Il retint Charles par le coude.
« Viens donc trinquer avec nous si tu as une minute. »
Charles n’avait pas une minute. Sa montre marquait
11 heures 20.
La route qui conduisait au port passait devant le restaurant de Scarbek. Ce dernier le héla et lui tira une chope de bière.
« Aujourd’hui, j’essaie un nouveau plat : le chili con carne. Reste. Toi qui as voyagé, tu me donneras ton avis. »
Charles en eut très envie. Il songea même à rattraper
Vandame et pourquoi pas Baron. La curiosité l’emporta.
Il siffla son demi.
« Une autre fois, promis. »
Il fut à la tour du Leughenaer à midi moins le quart.
Il longea les quais, parvint aux docks, pressa le pas. Le
port n’était qu’un im­mense mouvement. Flancs ouverts,
les cargos se lais­saient décharger. Aux bassins de Freycinet, il interrogea un marin. Las, celui-ci, un Suédois, ne
comprenait pas le français.
Il réussit quand même à dénicher la darse 6 et le môle 5.

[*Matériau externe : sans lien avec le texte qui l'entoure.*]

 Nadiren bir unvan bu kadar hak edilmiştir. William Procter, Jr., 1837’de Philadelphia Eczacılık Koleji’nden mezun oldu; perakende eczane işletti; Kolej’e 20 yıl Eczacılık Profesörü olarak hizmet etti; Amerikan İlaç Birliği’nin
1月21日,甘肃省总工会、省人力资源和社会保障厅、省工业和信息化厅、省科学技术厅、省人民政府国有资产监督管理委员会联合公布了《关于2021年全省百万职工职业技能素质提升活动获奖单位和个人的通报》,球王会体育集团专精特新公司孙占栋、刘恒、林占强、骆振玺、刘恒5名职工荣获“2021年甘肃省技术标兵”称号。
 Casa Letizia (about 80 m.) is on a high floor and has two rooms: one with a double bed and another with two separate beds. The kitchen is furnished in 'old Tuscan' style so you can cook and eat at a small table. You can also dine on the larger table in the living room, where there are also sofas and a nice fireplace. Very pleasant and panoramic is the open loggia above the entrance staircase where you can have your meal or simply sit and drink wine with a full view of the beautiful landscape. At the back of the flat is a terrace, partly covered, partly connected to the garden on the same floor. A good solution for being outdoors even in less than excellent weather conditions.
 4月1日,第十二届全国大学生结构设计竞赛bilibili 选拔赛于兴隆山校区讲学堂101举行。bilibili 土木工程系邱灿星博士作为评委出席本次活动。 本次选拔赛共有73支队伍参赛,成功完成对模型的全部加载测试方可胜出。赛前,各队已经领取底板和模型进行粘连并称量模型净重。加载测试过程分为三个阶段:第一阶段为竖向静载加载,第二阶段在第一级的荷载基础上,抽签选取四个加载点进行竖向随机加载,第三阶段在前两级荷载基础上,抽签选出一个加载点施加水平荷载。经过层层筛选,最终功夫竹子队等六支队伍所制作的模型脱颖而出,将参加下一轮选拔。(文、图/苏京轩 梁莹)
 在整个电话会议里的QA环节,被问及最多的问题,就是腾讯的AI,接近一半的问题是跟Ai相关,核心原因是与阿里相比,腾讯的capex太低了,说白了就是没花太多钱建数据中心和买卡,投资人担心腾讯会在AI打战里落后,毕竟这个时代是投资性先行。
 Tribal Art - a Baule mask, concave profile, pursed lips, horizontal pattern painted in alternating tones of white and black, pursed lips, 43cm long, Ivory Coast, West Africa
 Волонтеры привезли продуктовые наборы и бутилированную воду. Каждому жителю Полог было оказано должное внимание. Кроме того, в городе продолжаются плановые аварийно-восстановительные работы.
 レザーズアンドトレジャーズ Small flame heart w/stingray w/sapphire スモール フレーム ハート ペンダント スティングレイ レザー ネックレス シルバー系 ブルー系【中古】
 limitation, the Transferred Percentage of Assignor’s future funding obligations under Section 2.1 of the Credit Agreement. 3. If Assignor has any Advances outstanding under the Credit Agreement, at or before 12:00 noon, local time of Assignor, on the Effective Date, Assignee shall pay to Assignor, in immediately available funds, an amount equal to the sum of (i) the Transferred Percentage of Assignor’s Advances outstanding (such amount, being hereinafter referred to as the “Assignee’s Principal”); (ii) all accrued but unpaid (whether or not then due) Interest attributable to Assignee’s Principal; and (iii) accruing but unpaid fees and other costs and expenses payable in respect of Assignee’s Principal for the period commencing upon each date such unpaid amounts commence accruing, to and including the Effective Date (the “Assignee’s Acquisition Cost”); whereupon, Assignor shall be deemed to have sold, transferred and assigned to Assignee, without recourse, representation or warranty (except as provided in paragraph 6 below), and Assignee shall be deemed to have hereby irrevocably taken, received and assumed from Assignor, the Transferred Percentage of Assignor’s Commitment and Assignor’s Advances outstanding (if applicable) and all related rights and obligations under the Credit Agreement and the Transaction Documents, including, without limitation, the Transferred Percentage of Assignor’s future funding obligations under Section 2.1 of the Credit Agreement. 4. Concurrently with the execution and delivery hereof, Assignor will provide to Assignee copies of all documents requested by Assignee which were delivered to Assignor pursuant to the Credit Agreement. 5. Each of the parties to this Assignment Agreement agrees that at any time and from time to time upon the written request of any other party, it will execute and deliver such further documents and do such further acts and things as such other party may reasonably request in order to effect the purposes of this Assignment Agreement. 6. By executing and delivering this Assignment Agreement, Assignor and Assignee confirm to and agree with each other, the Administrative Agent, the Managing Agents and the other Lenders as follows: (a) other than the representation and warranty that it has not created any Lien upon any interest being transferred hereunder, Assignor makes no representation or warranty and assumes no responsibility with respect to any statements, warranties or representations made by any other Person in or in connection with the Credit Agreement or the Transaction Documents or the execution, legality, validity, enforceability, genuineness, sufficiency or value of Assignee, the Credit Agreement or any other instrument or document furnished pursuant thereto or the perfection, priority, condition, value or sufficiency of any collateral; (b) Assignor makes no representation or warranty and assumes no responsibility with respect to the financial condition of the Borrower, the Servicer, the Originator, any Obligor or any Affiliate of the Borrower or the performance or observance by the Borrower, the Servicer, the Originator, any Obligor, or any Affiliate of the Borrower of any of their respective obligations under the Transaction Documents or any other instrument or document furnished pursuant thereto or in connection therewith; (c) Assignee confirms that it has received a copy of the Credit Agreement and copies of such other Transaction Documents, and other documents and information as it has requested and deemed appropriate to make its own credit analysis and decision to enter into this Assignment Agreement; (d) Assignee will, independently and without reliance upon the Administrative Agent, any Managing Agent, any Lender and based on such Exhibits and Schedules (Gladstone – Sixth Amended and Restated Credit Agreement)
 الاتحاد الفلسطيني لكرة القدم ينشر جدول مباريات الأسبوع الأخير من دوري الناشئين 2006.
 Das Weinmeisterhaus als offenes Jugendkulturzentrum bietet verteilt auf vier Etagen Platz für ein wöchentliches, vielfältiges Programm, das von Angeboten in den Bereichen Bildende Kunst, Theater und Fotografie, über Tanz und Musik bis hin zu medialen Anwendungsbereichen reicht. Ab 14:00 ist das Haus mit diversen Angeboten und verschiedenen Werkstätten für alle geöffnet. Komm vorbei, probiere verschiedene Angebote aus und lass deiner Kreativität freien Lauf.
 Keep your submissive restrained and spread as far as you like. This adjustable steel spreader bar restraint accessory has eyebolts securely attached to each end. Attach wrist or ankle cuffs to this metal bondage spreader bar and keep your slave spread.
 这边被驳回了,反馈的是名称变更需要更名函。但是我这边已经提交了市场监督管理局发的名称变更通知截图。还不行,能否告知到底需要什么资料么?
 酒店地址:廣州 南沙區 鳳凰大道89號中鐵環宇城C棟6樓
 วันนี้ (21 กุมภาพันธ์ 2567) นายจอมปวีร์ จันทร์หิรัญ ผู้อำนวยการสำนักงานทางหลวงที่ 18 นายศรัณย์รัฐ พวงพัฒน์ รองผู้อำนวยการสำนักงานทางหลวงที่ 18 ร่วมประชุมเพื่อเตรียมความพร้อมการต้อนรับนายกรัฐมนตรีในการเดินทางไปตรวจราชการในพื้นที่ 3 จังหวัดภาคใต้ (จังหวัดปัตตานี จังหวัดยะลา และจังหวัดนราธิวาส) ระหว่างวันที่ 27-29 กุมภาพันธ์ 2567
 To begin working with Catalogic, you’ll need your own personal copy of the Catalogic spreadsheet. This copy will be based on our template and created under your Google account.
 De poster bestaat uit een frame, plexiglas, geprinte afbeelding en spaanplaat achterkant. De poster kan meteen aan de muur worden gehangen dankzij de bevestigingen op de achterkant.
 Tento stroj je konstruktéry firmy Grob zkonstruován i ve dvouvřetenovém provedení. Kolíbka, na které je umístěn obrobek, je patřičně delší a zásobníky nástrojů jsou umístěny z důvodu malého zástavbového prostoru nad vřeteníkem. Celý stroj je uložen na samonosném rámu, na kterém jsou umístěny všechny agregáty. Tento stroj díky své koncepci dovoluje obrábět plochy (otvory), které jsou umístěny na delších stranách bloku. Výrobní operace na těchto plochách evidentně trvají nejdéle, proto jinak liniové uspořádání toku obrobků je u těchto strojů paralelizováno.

Il compta les grues. La troisième était en service. Elle débarquait d’un cargo russe d’énormes madriers de bois.
Pas de Lamorlaye.
Charles consulta sa montre. 11 heures 55.
La grue promenait, à dix mètres du sol, sa palanquée
de madriers.
11 heures 59. Encore soixante secondes et il saurait s’il
avait rêvé ou pas.
Midi commença à sonner à un clocher.